GitHub - krdav/SPURF: Substitution Profiles Using Related Families

Substitution Profiles Using Related Families (SPURF)

This code repository contains a command line implementation of SPURF, that takes a single antibody heavy chain DNA sequence and returns its inferred substitution profile and a logo plot of this. SPURF uses cached data from a large-scale Rep-Seq dataset as input to a statistical model made to determine a detailed clonal family specific substitution profile for a single input sequence. Source code to fit the SPURF model from scratch using another dataset is also provided. Results and methods are described in our preprint. The dataset used in the paper is available in our Zenodo bucket.

Cloning this repo

Clone this GitHub repo recursively to get the necessary submodules:

git clone --recursive https://github.com/krdav/SPURF.git
cd SPURF
git pull --recurse-submodules https://github.com/krdav/SPURF.git

Installation

There are two supported ways of installing the command line implementation of SPURF: 1) using Conda on Linux and 2) using Docker and the provided Dockerfile. The Conda installation has been tested on our own servers and a fresh Ubuntu installation on a VirtualBox. Using VirtualBox, SPURF can be installed on both Mac and Windows. Alternatively, Docker can also be used on any platform that supports it.

Using Conda

First, install Conda for Python 2. Miniconda is sufficient and much faster at installing. Remember to source ~/.bashrc if continuing installing in the same terminal window.

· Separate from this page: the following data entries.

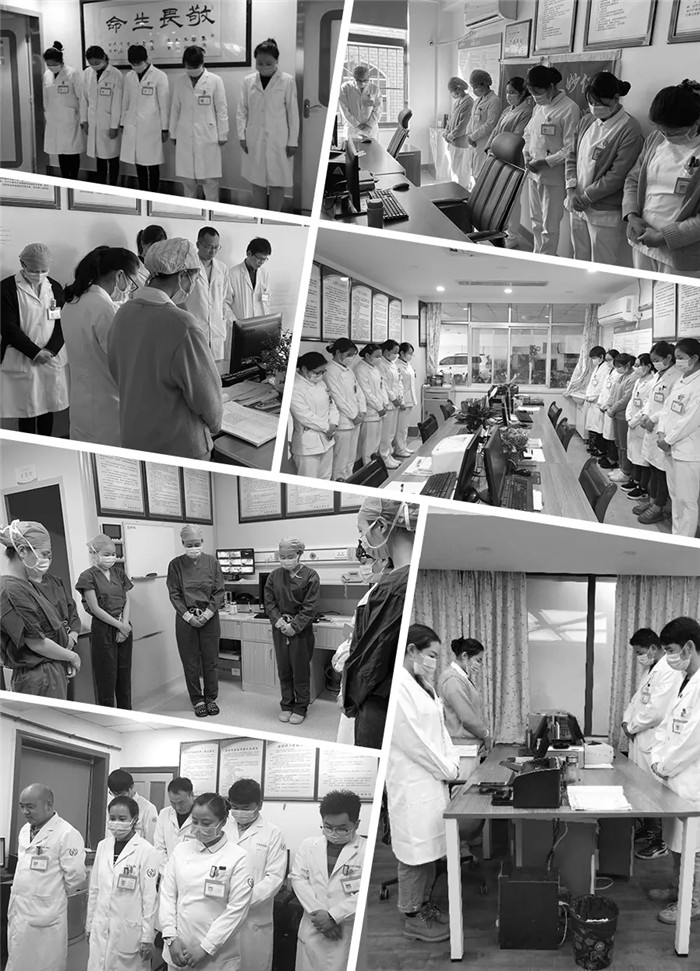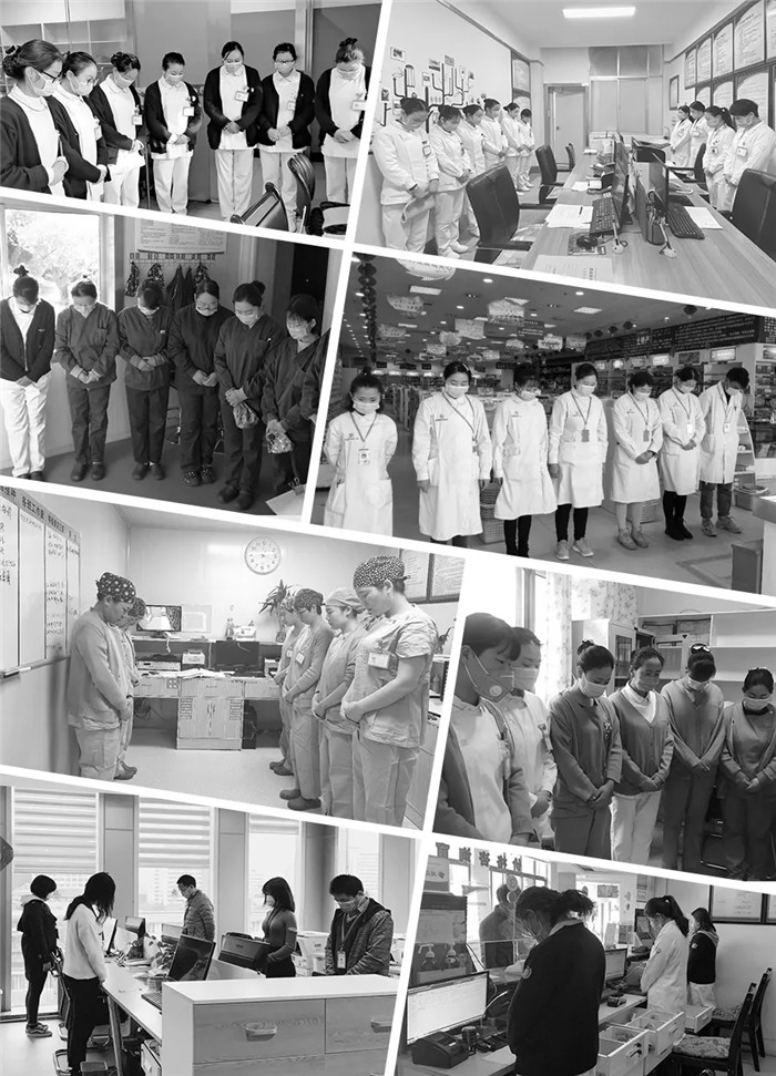 上午10點,隨著防空警報拉響,阜康醫療全體黨員和醫務工作者、行后人員分別在阜康醫院各院區、各科室、各藥房肅穆站立、低頭默哀。在這次疫情的特殊期間,有些人倒下了,但更多的人勇敢地扛起責任,在黨中央的堅強領導下和疫情頑強斗爭,如今我們已經基本控制這場斗爭的局面,正在向全面勝利努力奮進。
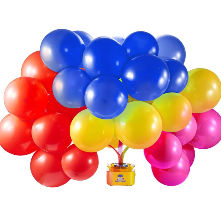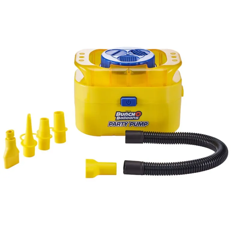 Ballonger må være det kuleste fest tilbehøret en kan ha! Det er derimot ganske kjipt å måtte blåse opp en haug med ballonger. Heldigvis har Bunch O Balloons kommet med tidenes pumpe som kan pumpe opp 40 ballonger på 40 sekunder. I tillegg får du med 16 ballonger i to forskjellige farger som lukker seg selv og i tillegg har tråd festet i seg. PERFEKT! Ballongene blir ca 30 cm i diameter. Blir ballongene slappe kan du enkelt koble de på igjen og fylle på luft. Pumpen kan brukes om igjen og om igjen. Selvlukkende ballonger kan du også kjøpe ekstra av separat. Pumpen leveres sammen med slangeadapter som du også kan bruke til å blåse opp luftmadrasser og bassengleker. Pumpen fungerer også med heliumtank/luftkompressor.
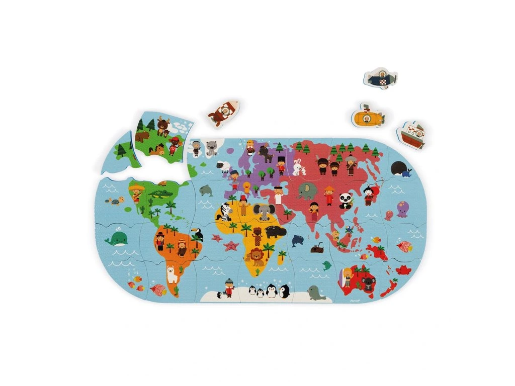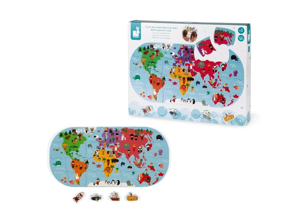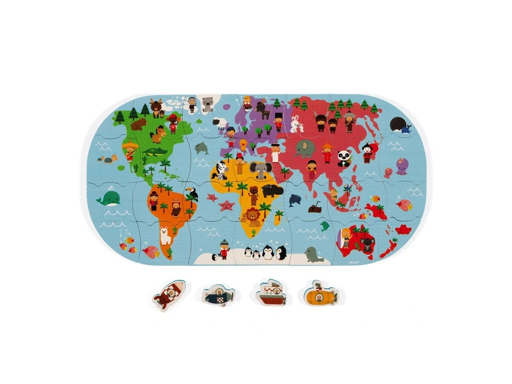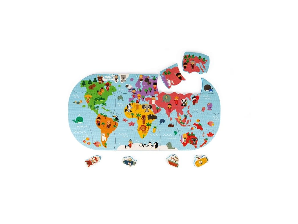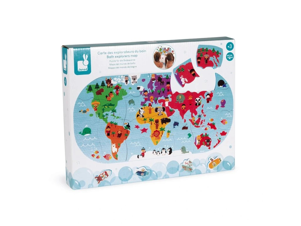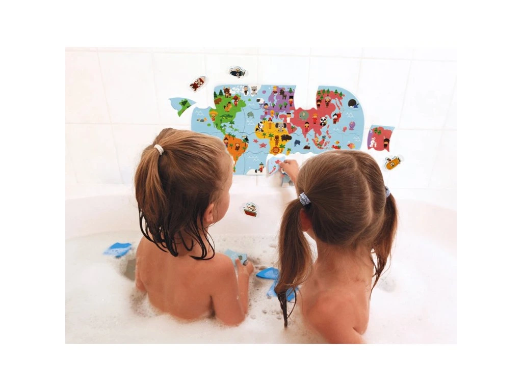 Měkké plastové puzzle Mapa světa vhodné na hru na suchu i ve vodě pro děti od 3 let. Balení obsahuje 28 dílků puzzle. Dílky puzzle plavou na vodě a přinesou mnoho zábavy při koupání. Je možné je přiložit a poskládat na kachličky.Vhodné pro děti: od 3 let
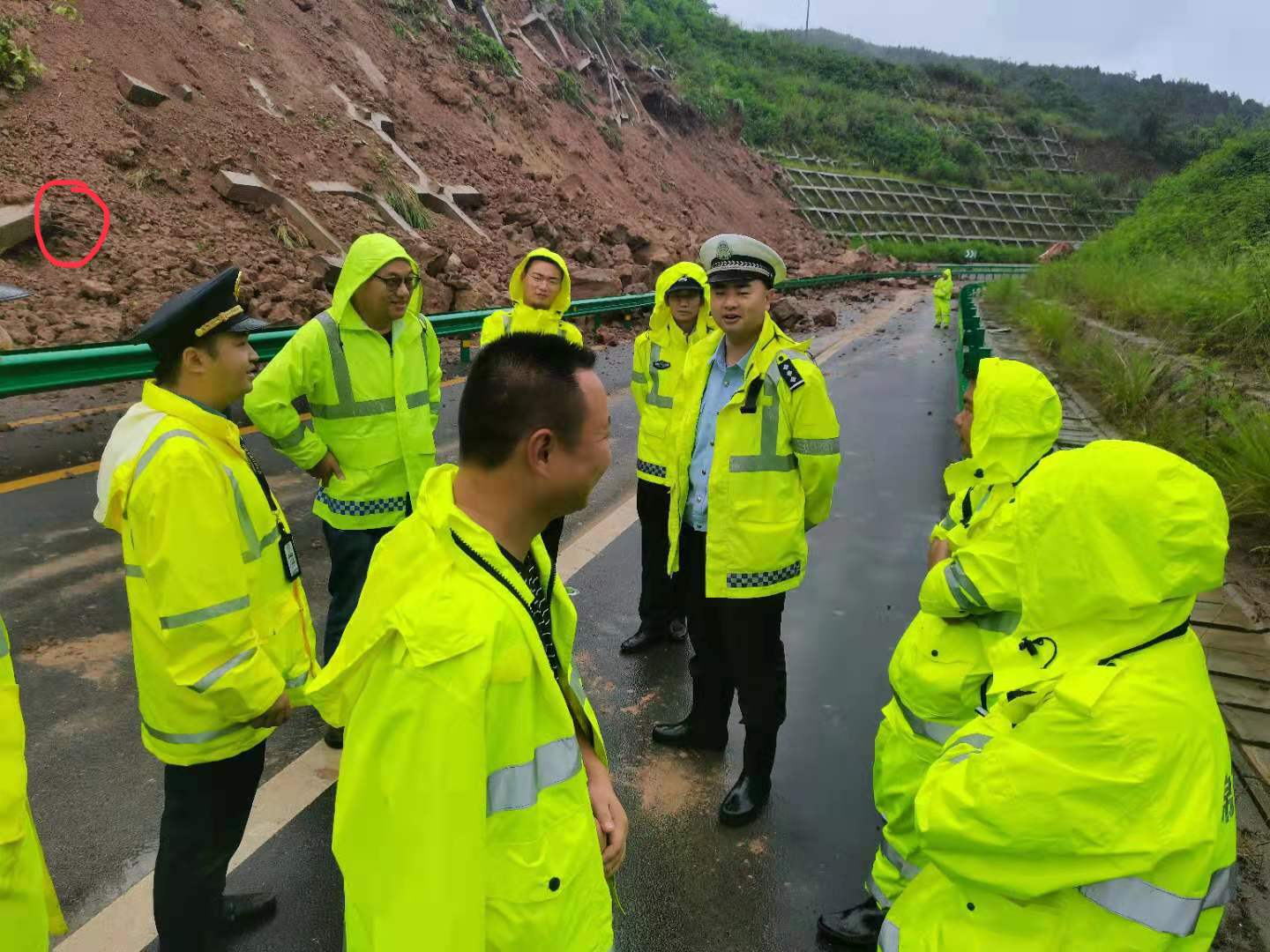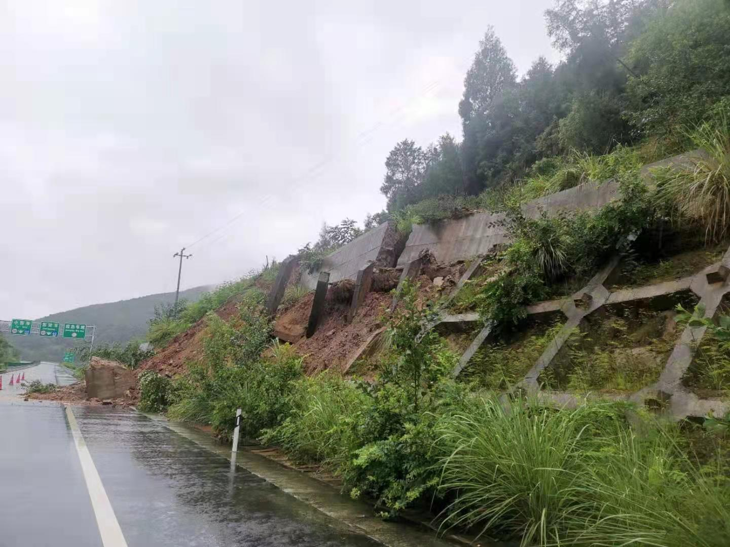 8时50分柏梓互通盐亭至柏梓方向匝道边坡滑坡,造成盐亭至柏梓方向匝道和柏梓至绵阳方向匝道交通阻断。险情发生后,工程养护处人员第一时间赶至现场。由于现场持续暴雨,边坡不稳定,存在二次滑坡的风险,加上坡顶还有一根高压电线杆已经倾斜。根据高管局“七不抢”的原则,工程养护处会同高速交警、高速执法现场商议决定:暂时封闭西充至柏梓及柏梓至绵阳匝道,养护公司做好封闭匝道的管制措施,待边坡稳定后再进行处理。
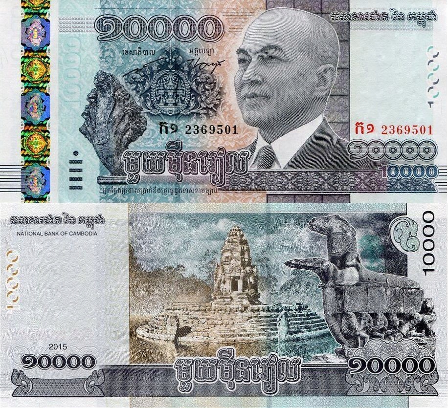 Довольно случайная банкнота 10 000 Riels из Камбоджи - 2015. (P -69) в абсолютно отличном банковском деле и (UNC).
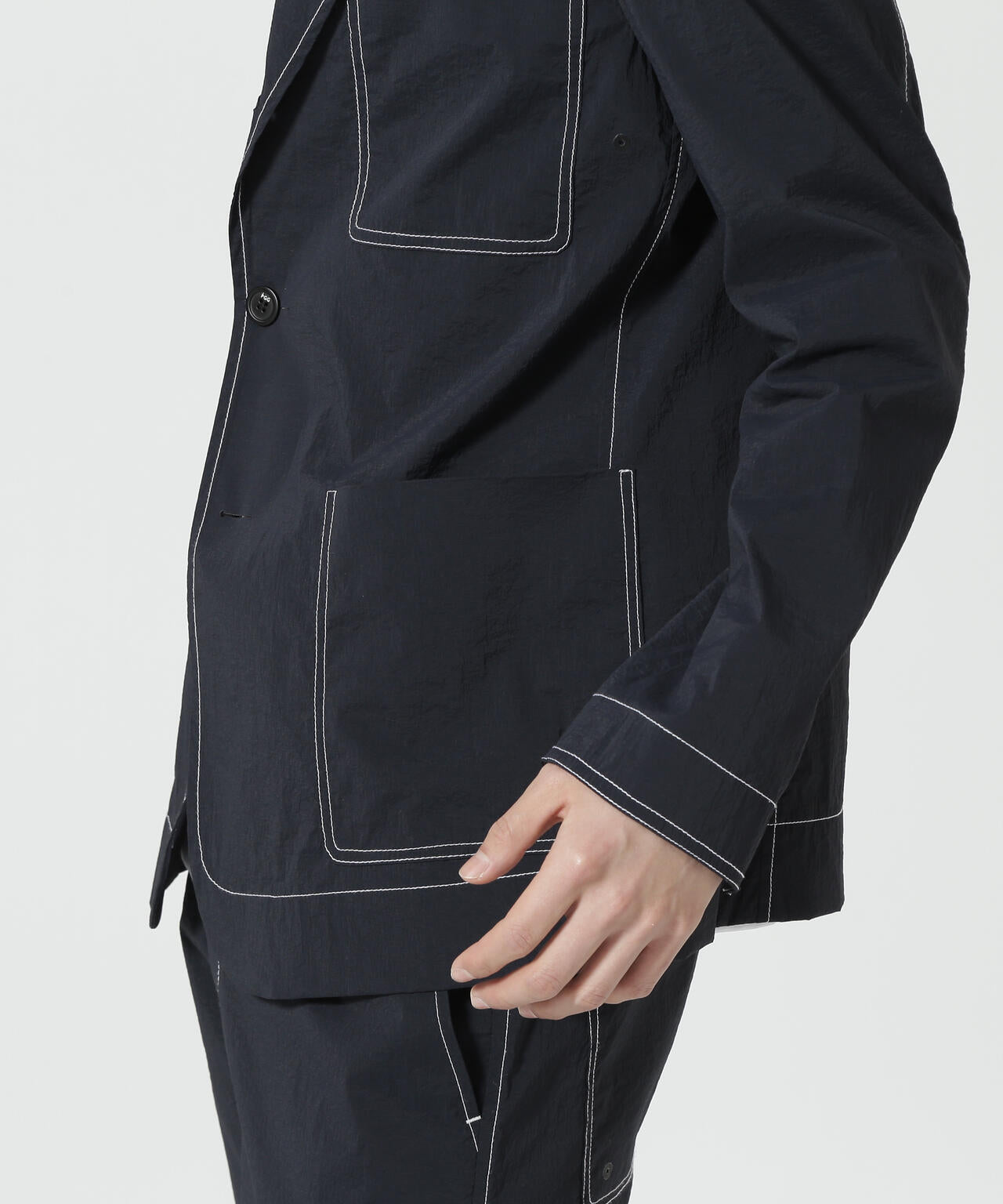 ステッチワークとパッチポケットがアクセントになった、直営店舗&公式オンライン限定 Nyタスラン調ストレッチワッシャーテーラードジャケット。身体のラインをキレイに見せつつゆったり着られる、ストンと落ちる絶妙なシルエットが快適な一着です。春夏コーデにぴったりなコットンライクにふっくらと仕上げた、タスラン調の糸を使用しています。ナイロン特有のドライ感としなやかな風合いを併せ持ち、ストレッチ性、キックバック性、速乾性、耐久性、撥水性、防風性など、軽やかな着心地を体感できる数々の高機能を兼ね備えています。豊かな表情と程よくボリューム感を出すワッシャー加工により、スタイリングにさりげなく抜け感を演出します。ゴルフの行き帰りはもちろん、クラブハウス、デイリーユースに、様々なさらっと羽織やすい万能な1着となっています。同シリーズのパンツと合わせて、セットアップコーデを楽しむのもおすすめです。
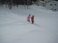 おそるおそる新雪の中を歩き
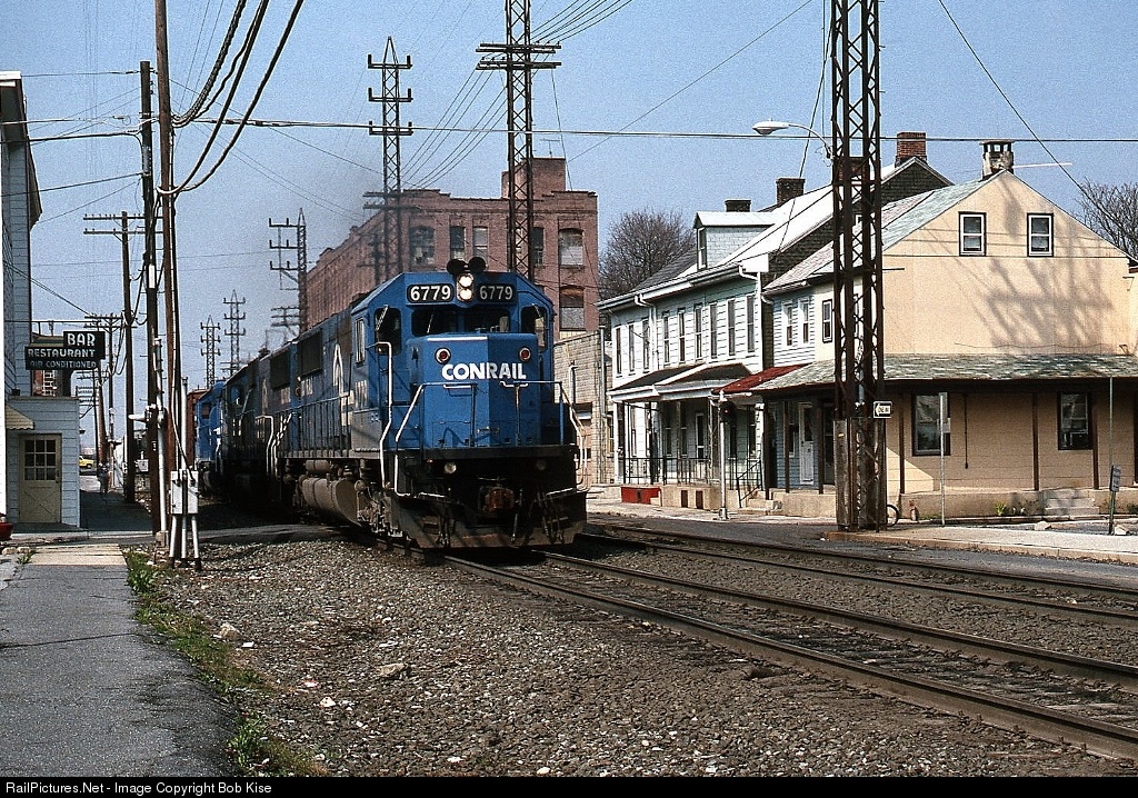 An eastbound manifest on the old Reading RR Lebanon Valley Branch passes the Railroad House Bar and Restaurant on the left and the row homes along Scull Street. Today, this scene is dominated by the twin viaducts carrying 9th and 10th Streets (PA Rt. 72) over the busy NS Harrisburg Line. The old factory in the background was torn down to make way for the viaducts, which allowed NS to close four grade crossings- Gannon Street, 9th & 10th Streets, and Partridge Street. In the 1980s, this was a "semi-quiet zone," with trains limited to 25 mph through the city with mandatory engine-bell ringing, but no horns from 4th Street to 12th Street. Today, track speed is 40 mph, and the trains blow their horns at all crossings. The Railroad House Restaurant (now closed) was well-known for its steaks and a special fish dish, called "The Queen of the Valley," after the Reading's name train which stopped at the nearby station on 8th Street.

Install dependencies with apt-get:

sudo apt-get update
sudo apt-get upgrade -y
sudo apt-get install -y libz-dev cmake scons libgsl0-dev libncurses5-dev libxml2-dev libxslt1-dev mafft hmmer

Use the INSTALL executable to install the required python environment and partis (via ./INSTALL). After installation, the Conda environment needs to be loaded every time before use, like this:

source activate SPURF

Using Docker

First install Docker.

We have a Docker image on Docker Hub that is automatically kept up to date with the master branch of this repository. It can be pulled and used directly:

sudo docker pull krdav/spurf

Alternatively you can build the container yourself from inside the main repository directory:

sudo docker build -t spurf .

To run this container, use a command such as (see modifications below)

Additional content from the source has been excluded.